===== Input records =====
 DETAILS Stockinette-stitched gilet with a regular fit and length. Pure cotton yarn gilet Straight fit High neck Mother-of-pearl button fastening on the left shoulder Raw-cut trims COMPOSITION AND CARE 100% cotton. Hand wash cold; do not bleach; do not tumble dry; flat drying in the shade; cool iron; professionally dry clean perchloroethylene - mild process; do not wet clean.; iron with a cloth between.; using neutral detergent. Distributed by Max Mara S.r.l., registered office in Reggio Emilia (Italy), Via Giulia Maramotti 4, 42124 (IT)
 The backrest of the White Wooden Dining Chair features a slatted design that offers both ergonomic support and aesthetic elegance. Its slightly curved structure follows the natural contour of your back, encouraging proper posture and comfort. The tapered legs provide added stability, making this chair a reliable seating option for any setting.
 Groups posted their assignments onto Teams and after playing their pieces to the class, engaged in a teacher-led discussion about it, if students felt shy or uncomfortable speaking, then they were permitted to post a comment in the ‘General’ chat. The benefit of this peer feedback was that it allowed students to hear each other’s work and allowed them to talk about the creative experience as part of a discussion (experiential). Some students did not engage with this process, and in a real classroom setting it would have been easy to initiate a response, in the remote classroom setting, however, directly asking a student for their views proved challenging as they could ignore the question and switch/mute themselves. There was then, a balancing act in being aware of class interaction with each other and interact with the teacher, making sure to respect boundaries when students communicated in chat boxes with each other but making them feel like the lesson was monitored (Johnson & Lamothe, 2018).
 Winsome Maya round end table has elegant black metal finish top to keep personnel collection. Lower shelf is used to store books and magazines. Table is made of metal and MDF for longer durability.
=====
===== Input records =====
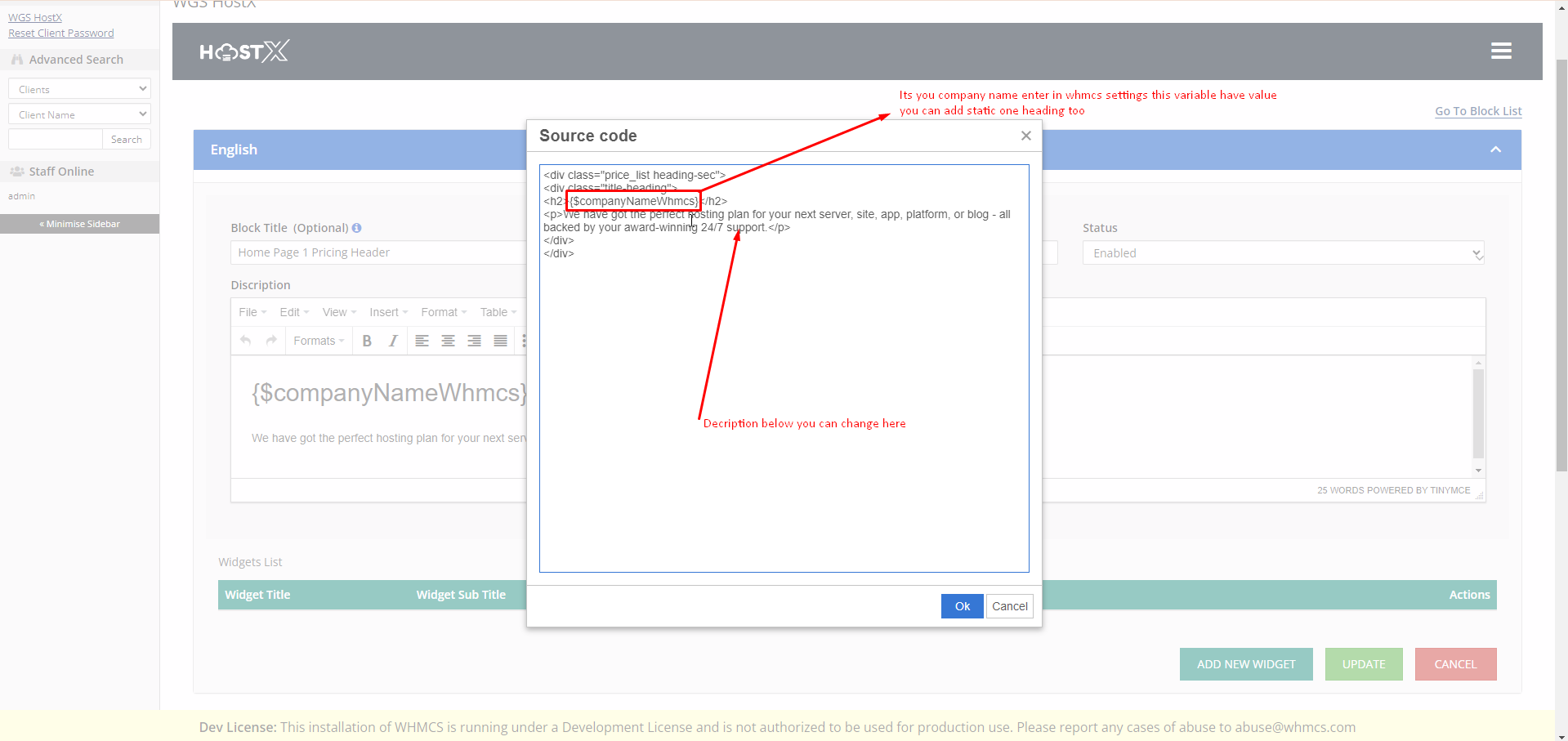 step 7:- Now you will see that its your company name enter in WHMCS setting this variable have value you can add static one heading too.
=====
Your assignment — Looking back over the data above, restate word for word the lines that begin at the line with "DETAILS Stockinette-stitched gilet" and end at the line with "The backrest of", inclusive.

Task response —
 DETAILS Stockinette-stitched gilet with a regular fit and length. Pure cotton yarn gilet Straight fit High neck Mother-of-pearl button fastening on the left shoulder Raw-cut trims COMPOSITION AND CARE 100% cotton. Hand wash cold; do not bleach; do not tumble dry; flat drying in the shade; cool iron; professionally dry clean perchloroethylene - mild process; do not wet clean.; iron with a cloth between.; using neutral detergent. Distributed by Max Mara S.r.l., registered office in Reggio Emilia (Italy), Via Giulia Maramotti 4, 42124 (IT)
 The backrest of the White Wooden Dining Chair features a slatted design that offers both ergonomic support and aesthetic elegance. Its slightly curved structure follows the natural contour of your back, encouraging proper posture and comfort. The tapered legs provide added stability, making this chair a reliable seating option for any setting.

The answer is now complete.